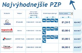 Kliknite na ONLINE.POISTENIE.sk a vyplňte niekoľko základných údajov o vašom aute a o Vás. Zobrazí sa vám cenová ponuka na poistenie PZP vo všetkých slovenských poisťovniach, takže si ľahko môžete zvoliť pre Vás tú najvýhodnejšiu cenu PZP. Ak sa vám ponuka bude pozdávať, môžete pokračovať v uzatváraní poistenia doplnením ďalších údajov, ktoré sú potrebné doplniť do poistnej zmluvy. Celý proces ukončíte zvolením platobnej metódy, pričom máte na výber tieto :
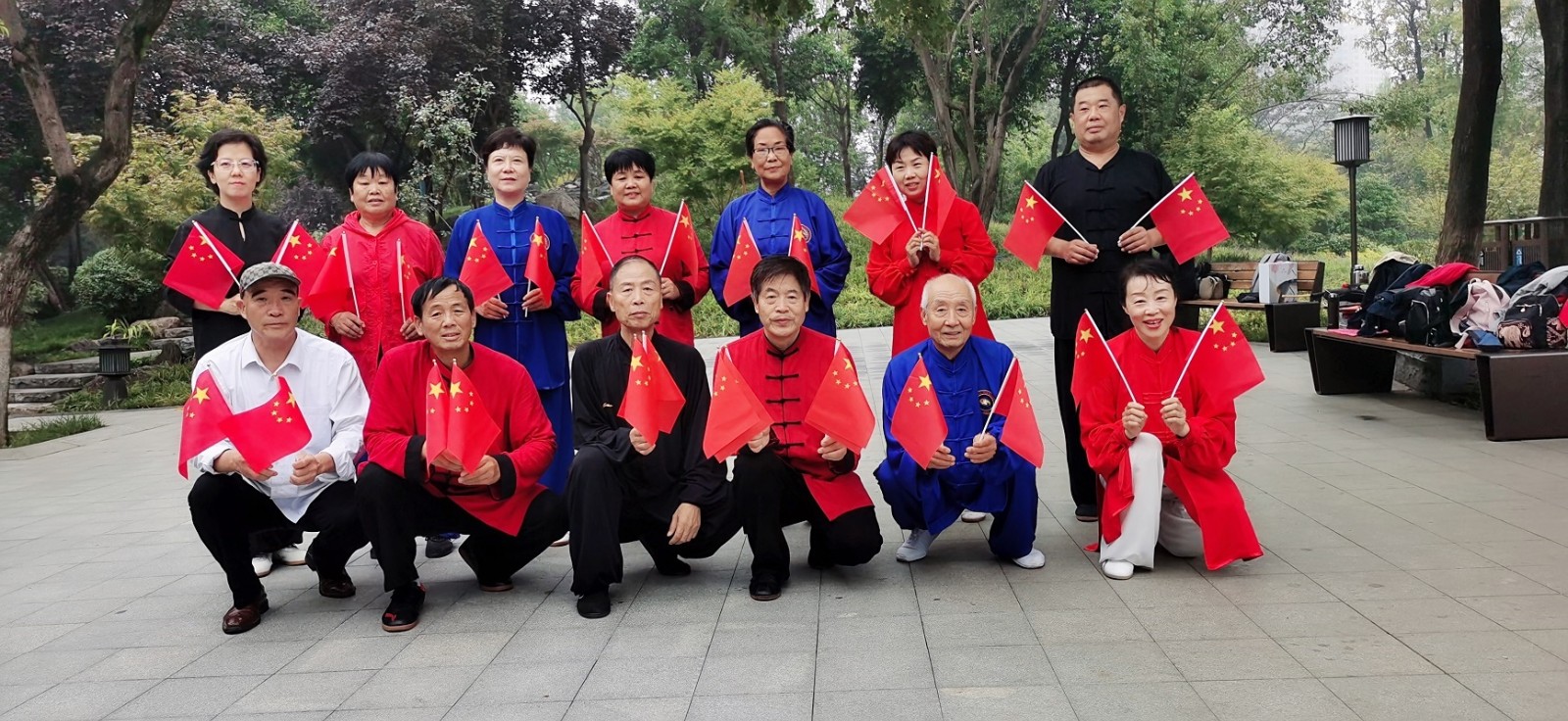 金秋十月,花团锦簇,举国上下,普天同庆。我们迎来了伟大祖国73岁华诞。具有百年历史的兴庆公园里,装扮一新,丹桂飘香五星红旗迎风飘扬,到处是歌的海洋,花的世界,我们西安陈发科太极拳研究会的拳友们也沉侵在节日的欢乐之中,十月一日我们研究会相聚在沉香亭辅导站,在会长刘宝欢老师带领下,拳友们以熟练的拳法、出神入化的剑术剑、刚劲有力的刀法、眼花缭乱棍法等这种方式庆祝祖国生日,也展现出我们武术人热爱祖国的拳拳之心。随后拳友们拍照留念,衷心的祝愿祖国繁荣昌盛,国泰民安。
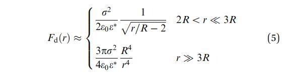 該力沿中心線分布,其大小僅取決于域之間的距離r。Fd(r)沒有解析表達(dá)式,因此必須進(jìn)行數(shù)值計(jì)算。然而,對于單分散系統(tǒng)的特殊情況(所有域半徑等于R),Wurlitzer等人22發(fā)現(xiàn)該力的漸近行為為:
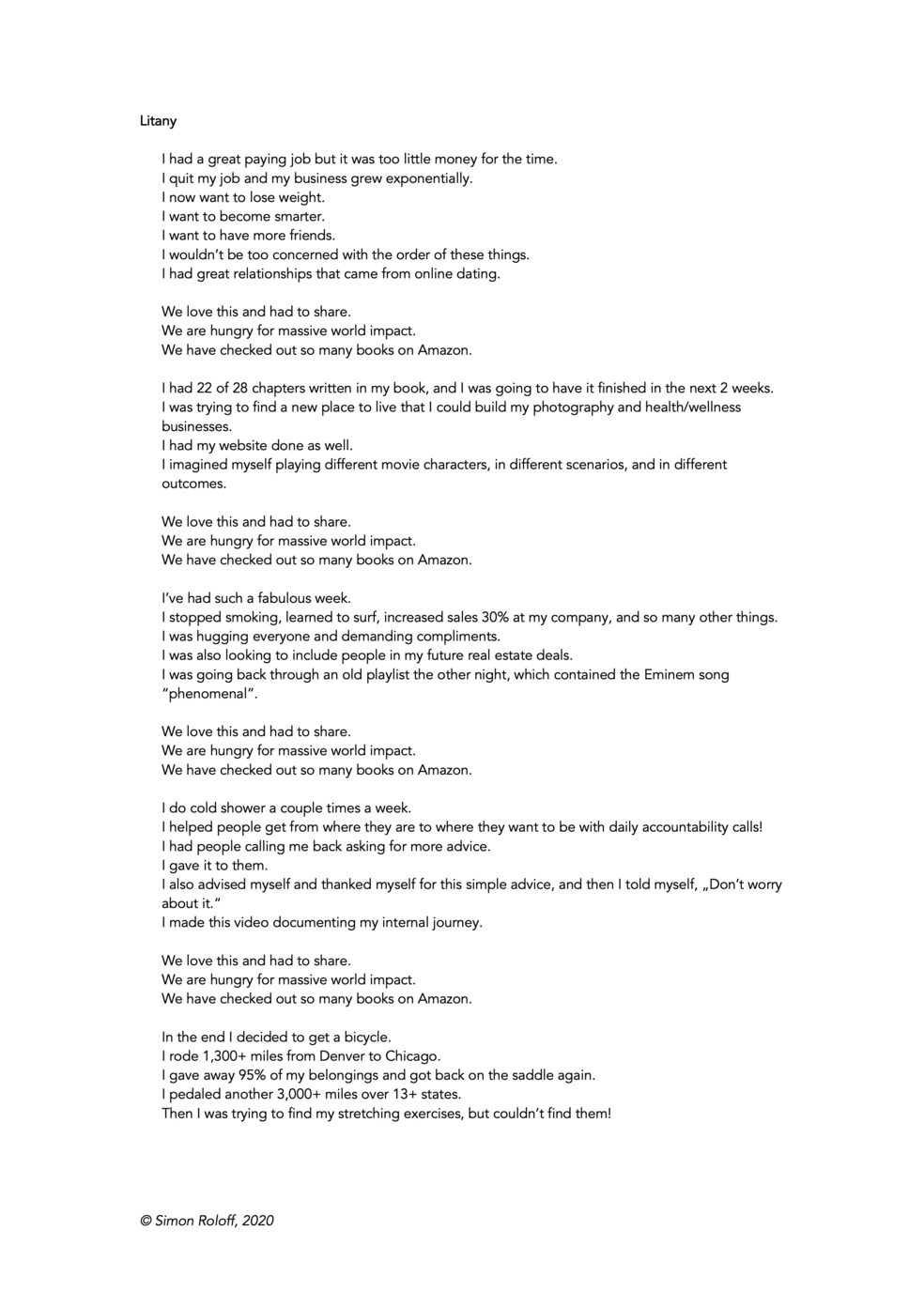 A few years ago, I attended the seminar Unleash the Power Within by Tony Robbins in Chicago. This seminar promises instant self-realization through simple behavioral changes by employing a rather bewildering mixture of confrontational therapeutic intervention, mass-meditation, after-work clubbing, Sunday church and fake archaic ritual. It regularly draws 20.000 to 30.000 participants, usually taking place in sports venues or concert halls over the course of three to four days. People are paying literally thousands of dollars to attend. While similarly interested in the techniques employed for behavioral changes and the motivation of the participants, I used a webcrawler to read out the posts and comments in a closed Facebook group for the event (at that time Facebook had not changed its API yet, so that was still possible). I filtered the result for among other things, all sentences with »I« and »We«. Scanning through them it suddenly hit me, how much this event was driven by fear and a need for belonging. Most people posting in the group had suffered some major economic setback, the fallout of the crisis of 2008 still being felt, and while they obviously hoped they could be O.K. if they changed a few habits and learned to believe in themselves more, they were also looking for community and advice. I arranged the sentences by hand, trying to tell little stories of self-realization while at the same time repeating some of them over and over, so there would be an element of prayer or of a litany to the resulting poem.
--------------------------------
_WHAT THE TASK ASKS:_ Output all the data above verbatim, leaving out images.

_RESULT FOR THIS EXERCISE:_
 Kliknite na ONLINE.POISTENIE.sk a vyplňte niekoľko základných údajov o vašom aute a o Vás. Zobrazí sa vám cenová ponuka na poistenie PZP vo všetkých slovenských poisťovniach, takže si ľahko môžete zvoliť pre Vás tú najvýhodnejšiu cenu PZP. Ak sa vám ponuka bude pozdávať, môžete pokračovať v uzatváraní poistenia doplnením ďalších údajov, ktoré sú potrebné doplniť do poistnej zmluvy. Celý proces ukončíte zvolením platobnej metódy, pričom máte na výber tieto :
 金秋十月,花团锦簇,举国上下,普天同庆。我们迎来了伟大祖国73岁华诞。具有百年历史的兴庆公园里,装扮一新,丹桂飘香五星红旗迎风飘扬,到处是歌的海洋,花的世界,我们西安陈发科太极拳研究会的拳友们也沉侵在节日的欢乐之中,十月一日我们研究会相聚在沉香亭辅导站,在会长刘宝欢老师带领下,拳友们以熟练的拳法、出神入化的剑术剑、刚劲有力的刀法、眼花缭乱棍法等这种方式庆祝祖国生日,也展现出我们武术人热爱祖国的拳拳之心。随后拳友们拍照留念,衷心的祝愿祖国繁荣昌盛,国泰民安。
 該力沿中心線分布,其大小僅取決于域之間的距離r。Fd(r)沒有解析表達(dá)式,因此必須進(jìn)行數(shù)值計(jì)算。然而,對于單分散系統(tǒng)的特殊情況(所有域半徑等于R),Wurlitzer等人22發(fā)現(xiàn)該力的漸近行為為:
 A few years ago, I attended the seminar Unleash the Power Within by Tony Robbins in Chicago. This seminar promises instant self-realization through simple behavioral changes by employing a rather bewildering mixture of confrontational therapeutic intervention, mass-meditation, after-work clubbing, Sunday church and fake archaic ritual. It regularly draws 20.000 to 30.000 participants, usually taking place in sports venues or concert halls over the course of three to four days. People are paying literally thousands of dollars to attend. While similarly interested in the techniques employed for behavioral changes and the motivation of the participants, I used a webcrawler to read out the posts and comments in a closed Facebook group for the event (at that time Facebook had not changed its API yet, so that was still possible). I filtered the result for among other things, all sentences with »I« and »We«. Scanning through them it suddenly hit me, how much this event was driven by fear and a need for belonging. Most people posting in the group had suffered some major economic setback, the fallout of the crisis of 2008 still being felt, and while they obviously hoped they could be O.K. if they changed a few habits and learned to believe in themselves more, they were also looking for community and advice. I arranged the sentences by hand, trying to tell little stories of self-realization while at the same time repeating some of them over and over, so there would be an element of prayer or of a litany to the resulting poem.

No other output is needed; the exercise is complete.